County OKs site for new school

A new 650-student elementary school will be located on the same site as Stonewall Jackson High School near Manassas, despite the opposition of one member of the Prince William Board of County Supervisors who said the site it too small.

L. Ben Thompson, Brentsville District, requested that the board review the planning commission’s Sept. 4 approval of the plan.

However, the board approved the joint site in a vote of 5-3.

“One of my concerns has been transportation,” Thompson said, citing few car spaces for parents lining up to pick up and drop off their children. He also said there might be a conflict at 14 parking spaces when buses are exiting and parents are entering to wait or park.

But the Board of County Supervisors sided with school representatives who said they have been hard pressed to find school sites on the western end of the county that don’t bring opposition.

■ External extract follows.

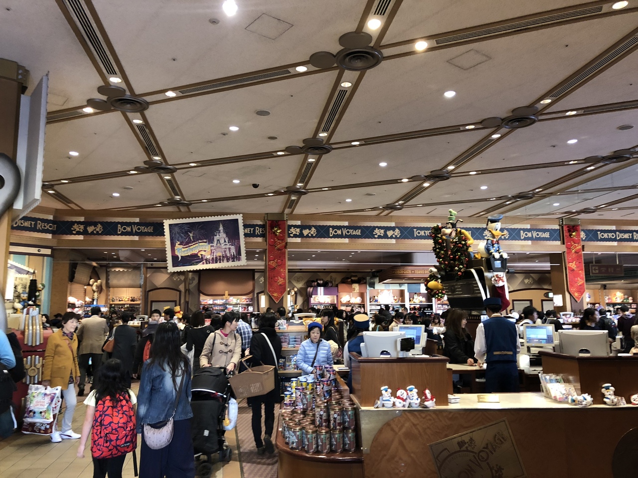 舞浜駅からディズニーランドへ行くまでの途中にあります。日曜の午後1時ごろに来ました。休日のためかさすがに店内は混み合っていました。パークに入らなくてもパークに売っているグッズなどが買えるので重宝しています。残念ながらダッフィグッズは置いていません。

It would be difficult to find “sites that don’t cause arguments,” School Board member Lyle Beefelt, Brentsville District, said.

Last year, the school board was prohibited from locating a new elementary school in the rural crescent — a western area set aside for low density housing — because of opposition from residents.

However, there is a need, school officials said.

Elementary schools in the Stonewall Jackson area — Bristow Run, Cedar Point, Mullen and Loch Lomond are over or near capacity. Cedar Point’s capacity in 2004 is expected to be 790 students with projected enrollment of 1200.

Mullen Elementary which is is only supposed to have 647 students in 2004 is expected to have 939 students, said George Pincince, superintendent of facilities planning for the school board.

“By 2004, this area will have 679 students without seats,” Pincince said. “That means more trailers or other undesirable adjustments.”

The Stonewall Jackson site is a good deal, school officials said. The 11-acre parcel is free and will be swapped with Vulcan Land Quarry for land the school board owns.

“At a time when Gov. Warner has just announced state cuts, not accepting a free site is just wrong,” said Supervisor Maureen Caddigan, of Dumfries.

The main decision for School Board members Tuesday was if the plan to co-locate on the Stonewall Jackson site was consistent with the county’s comprehensive plan. It is not, they conceded because that blueprint for county development requires that elementary schools be located on at least 20 acres of property. But board members approved the site, pointing out the requirement was put in place to keep developers from offering sites that were substandard. They noted other co-located schools occured before the acreage requirements were put in place.

Seven other county schools share a site with another school on less than 12 acres, Beefelt said, so it would be nothing new. Some are on as little as five acres.

There are other benefits to co-locating, area school superintendent Alison Nourse-Miller said. She is a former principal of Old Bridge Elementary in Lake Ridge.

Old Bridge Elementary shares a site with Woodbridge High, which has helped both schools. Nourse Miller said some programs at the high school require community service, and students choose to work with the nearby elementary.

Neabsco District Supervisor John Jenkins, also voted against the co-location plan, as did Gainesville Supervisor Ed Wilbourn.

Jenkins said if the board bends the comprehensive plan rules for one issue, it will have a hard time upholding others, such as those relating to the rural crescent and where to locate water tanks, both of which have been controversial.

The school board said it had the same concerns about traffic and safety as the board of supervisors and provisions had been made to insure safe conditions. The elementary would draw traffic during off-peak hours, before 8:30 a.m. and just after 3:40 p.m., they said, and the quarry’s close proximity has never posed a problem to the high school.